The institutional certification should assure:
- Consistency with applicable law, regulation, policy. The data submission is consistent, as appropriate, with applicable national, tribal, and state laws and regulations as well as relevant institutional policies. (details below)
- Data limitations are delineated. Any limitations on research use of the data, as expressed in the informed consent documents are delineated. (details below)
- Data is confidential. The identities of research participants will not be disclosed to NIH-designated repositories. (details below)
- IRB review. An IRB, privacy board, and/or equivalent body, as applicable, has reviewed the investigator’s proposal for data submission and assures that:
- The protocol for the collection of genomic and phenotypic data is consistent with 45 CFR 46. (details below)
- Data submission and subsequent data sharing for research purposes are consistent with the informed consent of the study participants from whom the data were obtained. (details below)

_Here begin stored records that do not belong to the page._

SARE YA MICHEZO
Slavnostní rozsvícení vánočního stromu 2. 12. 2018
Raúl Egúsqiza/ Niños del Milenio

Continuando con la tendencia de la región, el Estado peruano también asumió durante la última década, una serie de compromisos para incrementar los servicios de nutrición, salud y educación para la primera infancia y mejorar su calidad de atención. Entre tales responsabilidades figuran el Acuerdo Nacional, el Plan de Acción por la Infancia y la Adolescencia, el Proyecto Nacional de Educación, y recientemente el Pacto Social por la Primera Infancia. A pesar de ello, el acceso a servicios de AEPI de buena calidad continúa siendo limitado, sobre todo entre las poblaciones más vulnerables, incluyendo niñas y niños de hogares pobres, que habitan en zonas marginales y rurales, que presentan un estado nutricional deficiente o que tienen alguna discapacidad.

- Consideration was given to risks to individual participants and their families associated with data submitted to NIH-designated repositories and subsequent sharing. (details below)
- To the extent possible, consideration was given to risks to groups or populations associated with submitting data to NIH-designated repositories and subsequent sharing. (details below)

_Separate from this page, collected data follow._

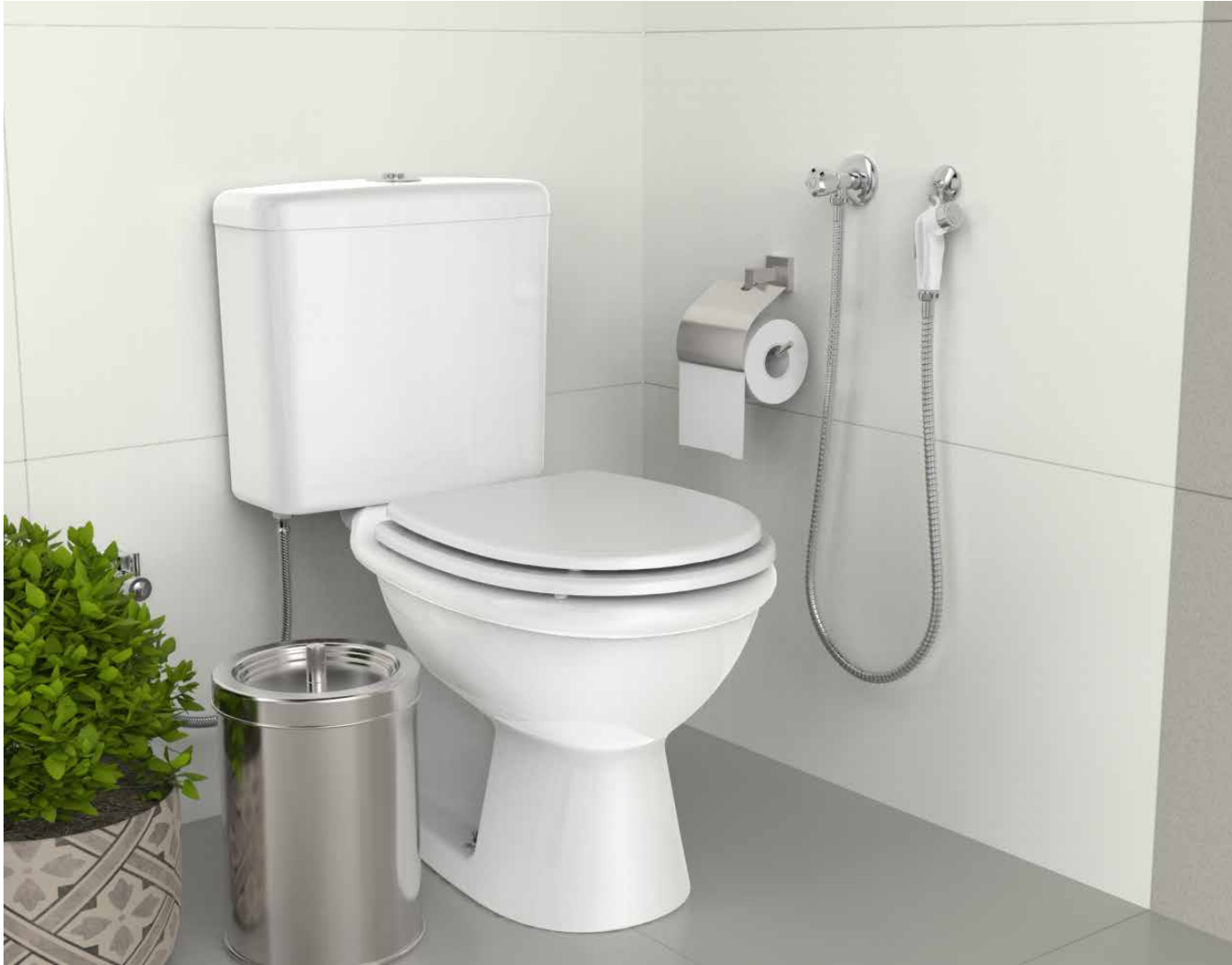
VISTA DE APLICAÇÃO.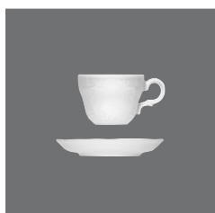
Tasse, Cup and saucer, Tasse et soucoupe, Taza y platito, Tazza e piattino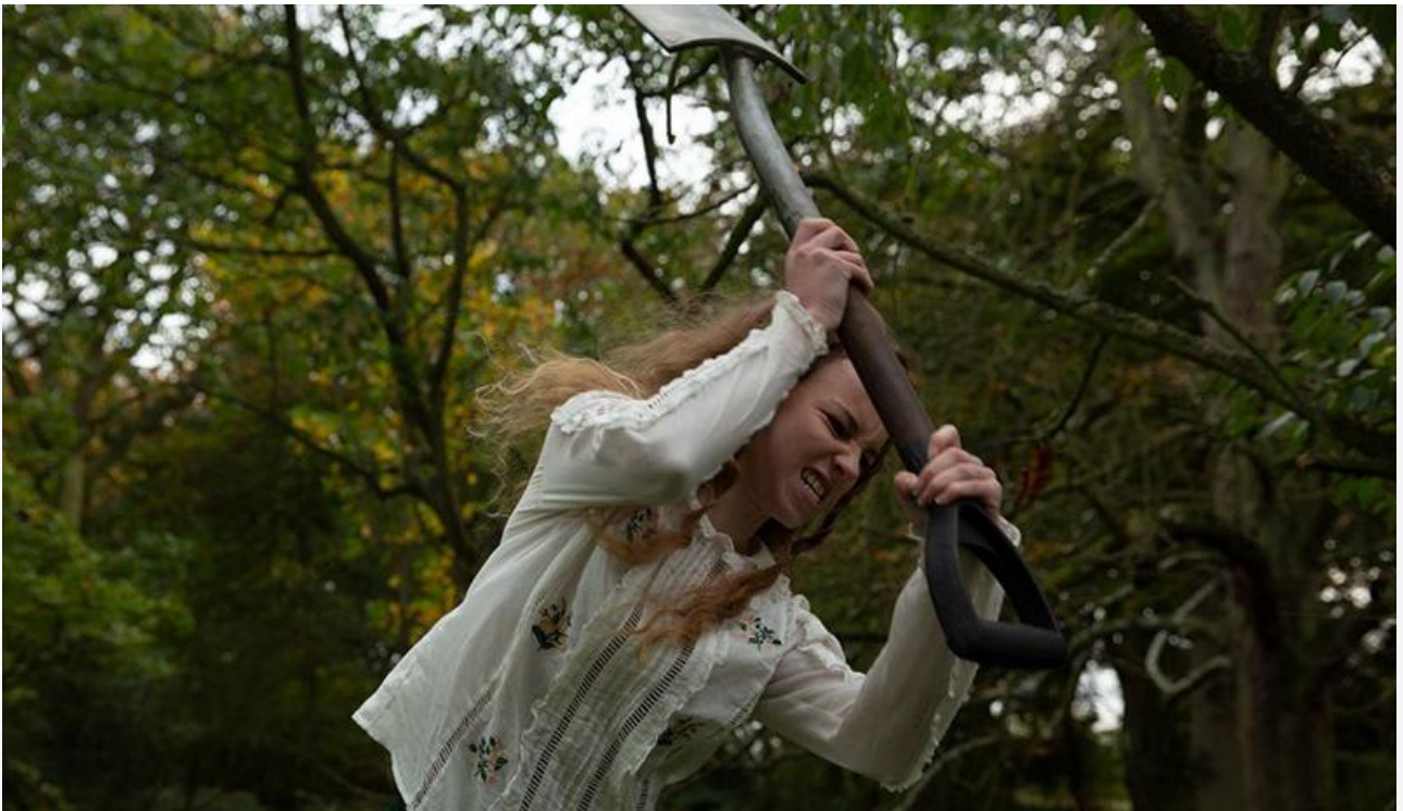
Кадр из фильма «Проклятие мачехи»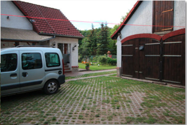
Blick zum Wohnhaus und zur Garage

- The investigator’s plan for de-identifying data sets is consistent with the standards outlined in the NIH GDS policy. (details below)
Consistency with Applicable Laws and Policies
HSD staff identify applicable laws and policies as they would for review of any application (GUIDANCE Human Subjects Regulations; WORKSHEET Pre-Review).

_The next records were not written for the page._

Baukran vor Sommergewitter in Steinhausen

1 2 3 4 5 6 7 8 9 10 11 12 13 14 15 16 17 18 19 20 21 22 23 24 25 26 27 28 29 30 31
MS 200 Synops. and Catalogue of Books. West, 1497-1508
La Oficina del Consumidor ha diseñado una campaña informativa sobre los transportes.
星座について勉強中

Applicable policies include HSD SOPs and may include UW Privacy Policies.
Applicable laws frequently include HHS human subjects protections regulations (45 CFR 46), FDA human subjects protection regulations (21 CFR Parts 50 and 56), and the Health Insurance Portability and Accountability Act Privacy Rule (45 CFR Part 160 and Part 164, Subparts A and E).
Data submission must also be consistent with applicable tribal laws when the data are from American Indian and Alaska Native peoples. For example, tribal nations have jurisdiction over research conducted on tribal lands with tribal citizens. In general, the IRB relies on the researcher to provide relevant information about tribal laws as requested in the IRB Protocol form.
Data Collection is Consistent with 45 CFR 46
Data collection procedures must be consistent with HHS human subjects protections regulations.
- Prospectively collected data. This is verified either by the UW IRB review process or by relying on an external IRB for review.
- Retrospectively collected data. This is verified by confirming that data were collected with IRB approval.
Consideration of Risks
The IRB considers the risks associated with the genomic information in the event of re-identification and disclosure. The IRB considers ways to minimize those risks within the context of the expected benefits of broad sharing.
The IRB also considers the extent to which genomic information associated with the participant could be used to identify an individual, or their family, by matching data sets to other sources of information.
UW considers the sharing of genomic data through NIH-designated repositories to involve minimal risk provided the criteria listed below are met. It is important to note that sharing of genomic information through NIH repositories that does not meet these criteria is not inherently more than minimal risk.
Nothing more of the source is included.